The real estate markets in Canada and Australia are not far behind. And junk bond spreads in the US are threatening to touch their lowest in the past two decades. Credit spread for investment grade bonds is just a percentage point! Long-term global real interest rates are at historic lows. 
In the US, the Shiller CAPE, which compares the S&P 500's current price to the 10 year average of earnings, stands at a ratio of 31, indicating that stocks are about 50% over-valued on historic average, a figure exceeded only once in the past 60 years! 
In fact, over a longer historical sweep, the average stock is trading at 73% above its historical average, higher than all but two occasion since 1880 - just before the Great Depression and the run-up to the 1999 dotcom bubble bursting.
It is a moot point as to what is the main driver of the extraordinary low interest rates in developed countries. While on the supply-side the global savings glut, arising from shifting demographics, and on the demand-side structural changes have lowered the cost of capital investment, it cannot be denied that the QE has hastened the downward trend of real interest rates.  
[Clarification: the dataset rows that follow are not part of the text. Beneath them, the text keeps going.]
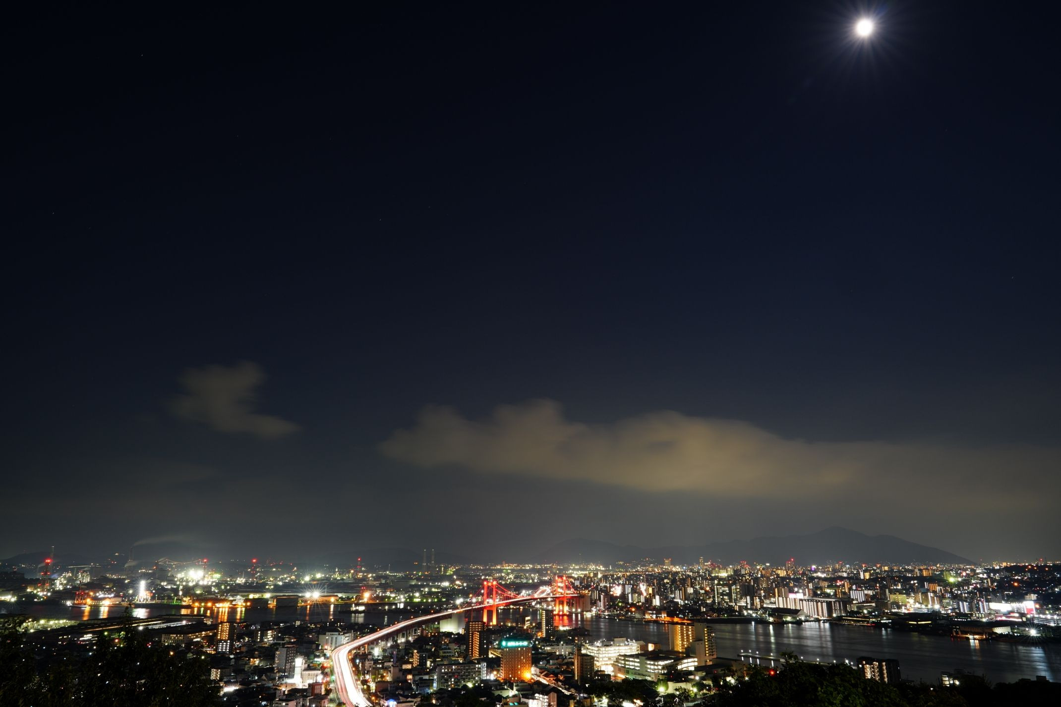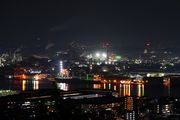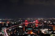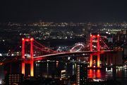 北九州市若松区にある高塔山からのライトアップされた若戸大橋です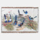Gorgeous collage of three vintage botanical fine art of darling Blue Fairy Wren Birds in their floral habitat, from Australia, by Gould, is on this Throw Blanket. Image is public domain due to expired copyright.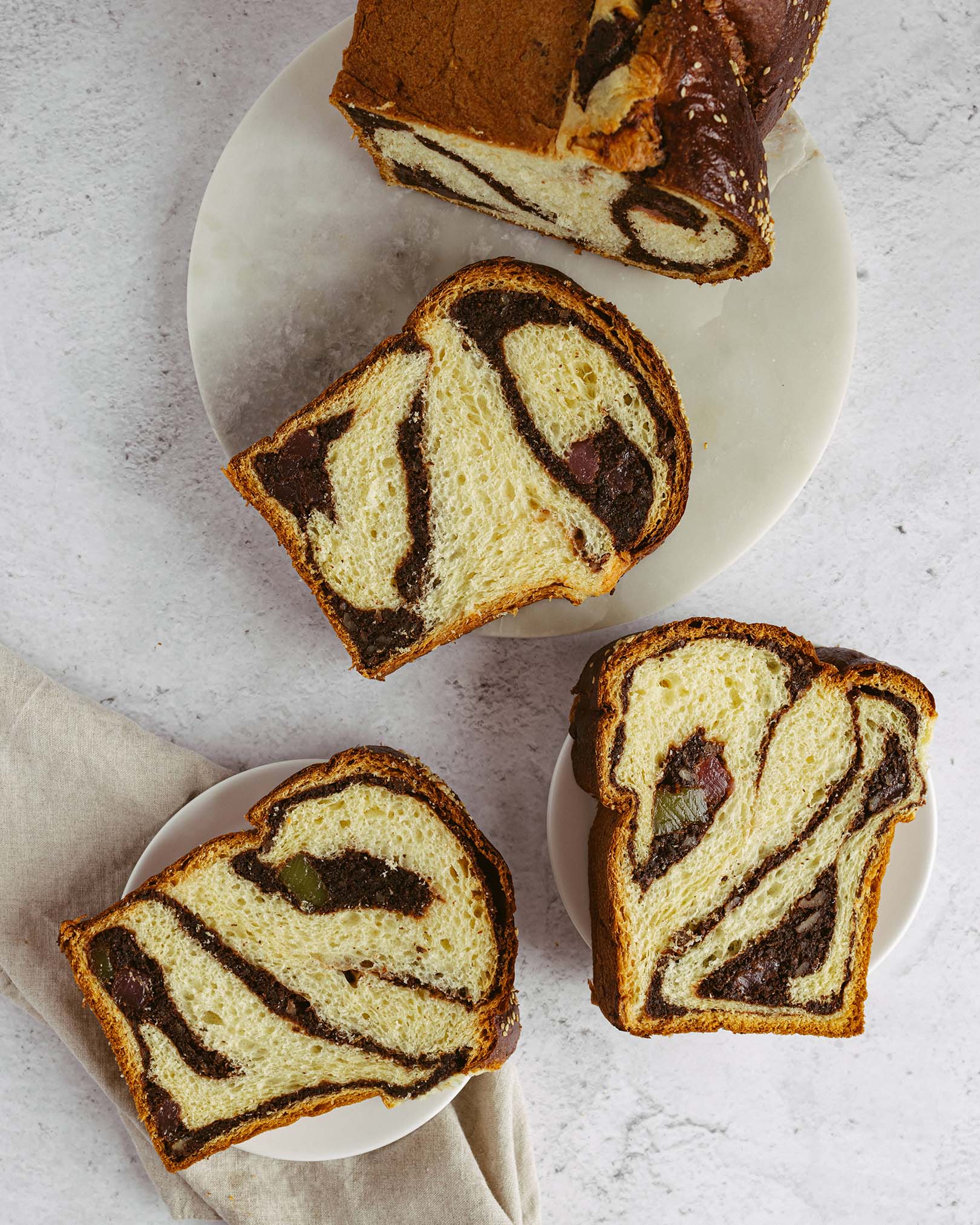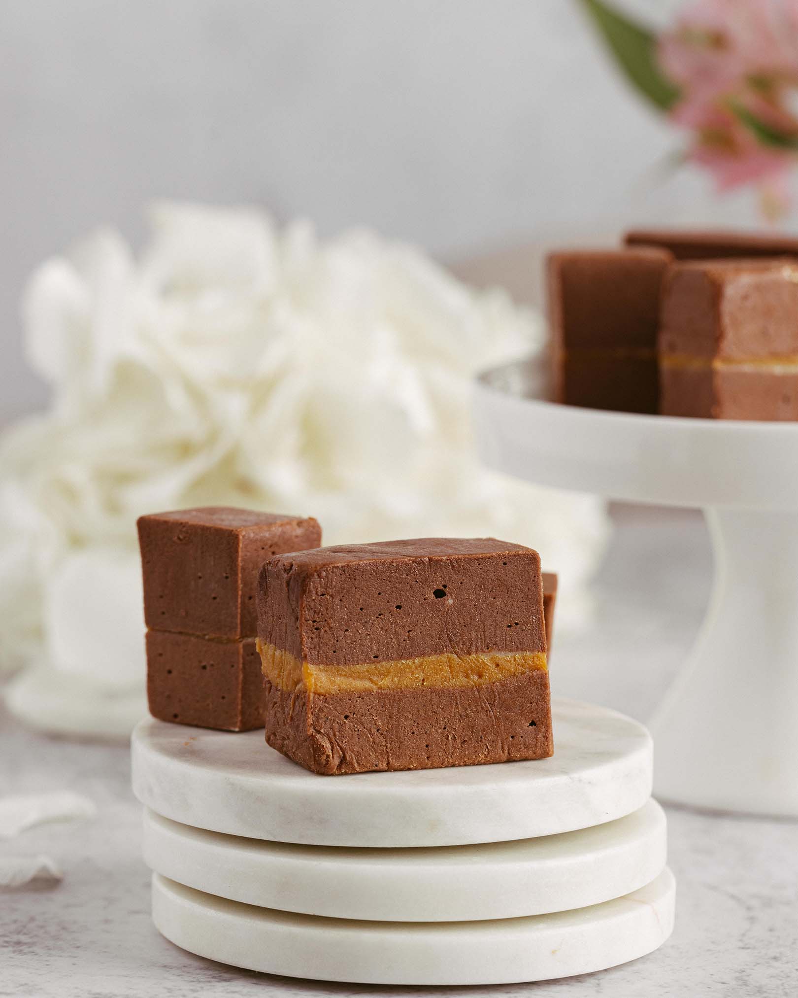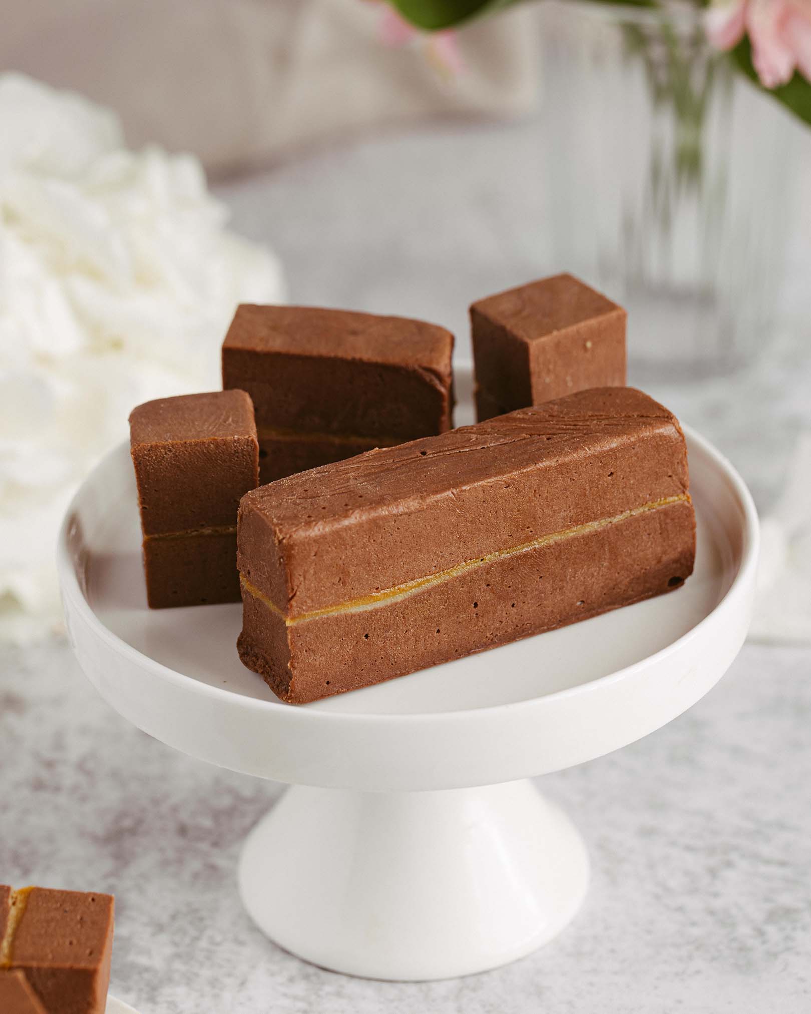 blat de ciocolată, pralin crocant de ciocolată cu lapte și alune, caramel, mousse de ciocolată cu lapte, alune caramelizate, panna cotta de vanilie, mousse de ciocolată albă

While QE was understandable when the world economy was tottering in 2008, it is surely well past time to step back. But the reluctance of central banks to roll back the extraordinary monetary accommodation is yet more proof that central banks are unlikely ever to be able to take the punchbowl away when the party is on.

Isn't this a compelling enough reason why there should be dynamic macro-prudential regulations that act as automatic counter-cyclical measures to lean against the wind when such bubbles are inflating?

Update 1 (19.10.2017)
The graphic below shows why the equity and bond markets are operating at pretty much the tail-end of the spectrum in terms of valuations.
Yet, despite the froth, short-term implied volatility has never been lower for decades.